The teachers do eventually realise they did Katy an injustice and Miss Jane goes so far as to apologise. When Katy marries Ned in 'Clover' both Miss Jane and Mrs Nipson send her wedding presents!

Oh, I love it too, but the most likeable bits aren’t the school as an institution, they’re the SSUC, Rose Red, the Christmas boxes etc. (I think I was mentally comparing it with the Chalet School, or the Enid Blyton school series, where everyone is continually banging on about the wonderfulness of their school above all others, its set on cliffs above a majestically lovely cove, and it transforms problem girls into paragons etc!

I think when I first read it as a child I was mostly intimidated by the SSUC’s facility with writing spontaneous verse!

ArabeI · 04/03/2022 12:47

"I think the romance is in the camaraderie of the girls, the way the SSUC rallies round when Katy is falsely accused, their cosy meetings and so on."

This^

ClariceQuiff · 04/03/2022 12:47

Strychnine Just out of curiosity, did you enjoy any of the other 'Katy' books?

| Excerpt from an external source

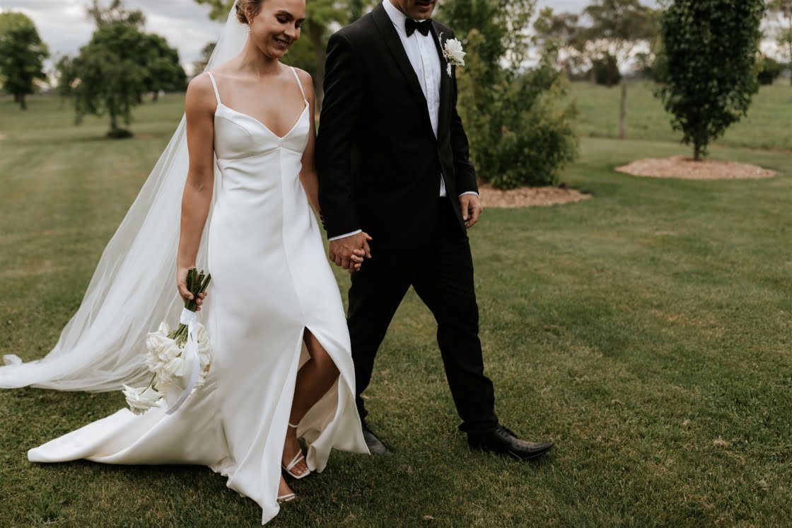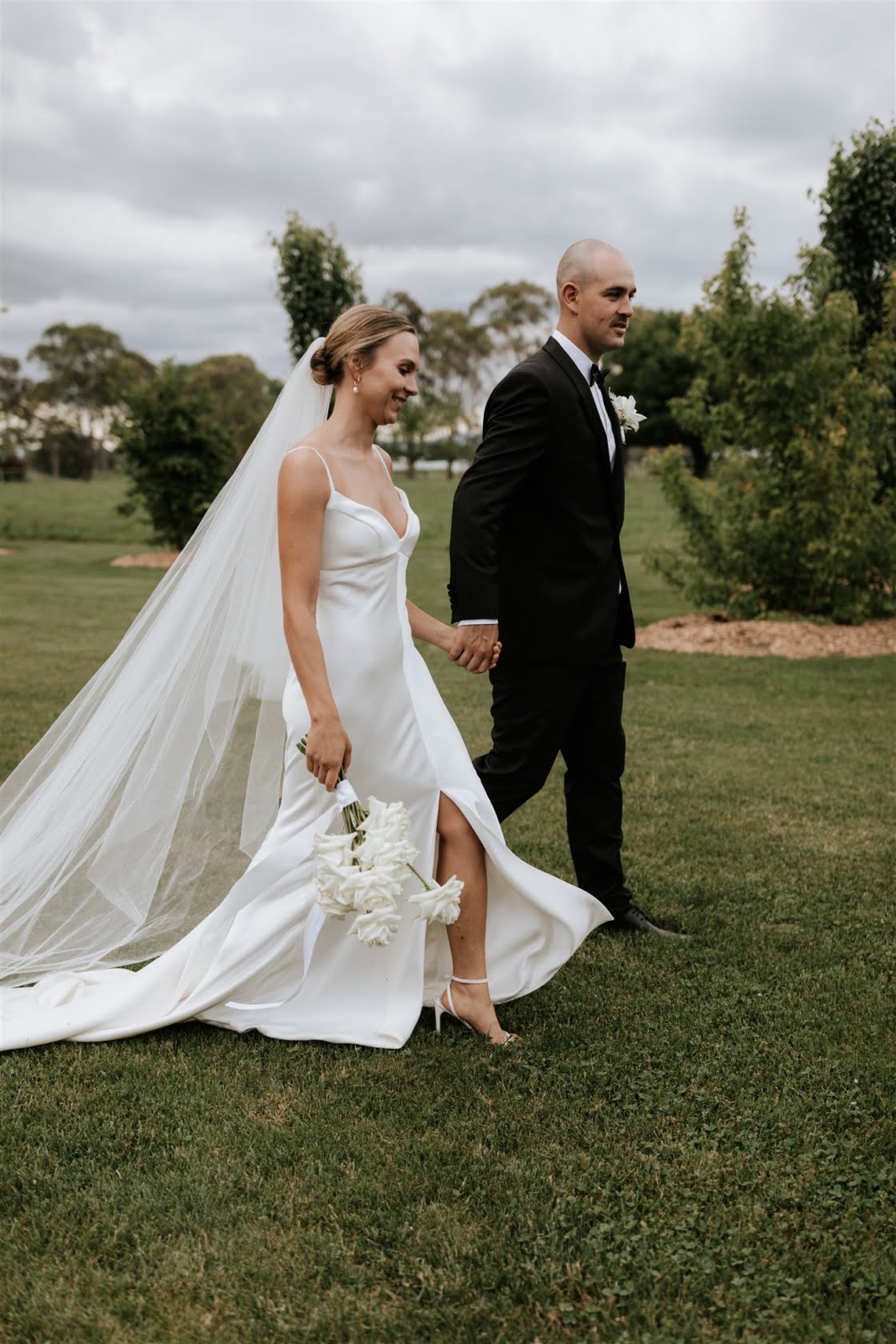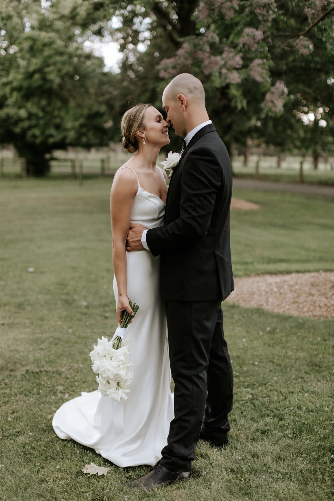 THE DRESS “Karen Willis Holmes grabbed my attention on Instagram so I organised an appointment between COVID lockdowns at the Armadale store. As I live 3.5 hours from Melbourne, I made a day of it, spending time with my mum and sisters. I tried one dress and absolutely loved it. I knew that was it straightaway and didn’t need to try any more. We were in and out in 20 minutes. The staff were lovely. Due to COVID I unfortunately could not return for fittings before the wedding so they sent my dress and veil to me via post and I had a local seamstress Lindy Kennedy do the alterations. She did a fantastic job.”

'School' is rather odd in that it takes quite a while to get to the school bit - there's the unrelated episode of Elsie and Johnny's disastrous visit to the Worretts' before the events leading to the older girls going to school even starts.

Re. the education on offer - I got the impression the school was almost more of a 'finishing school' than a place where the girls were expected to learn a lot.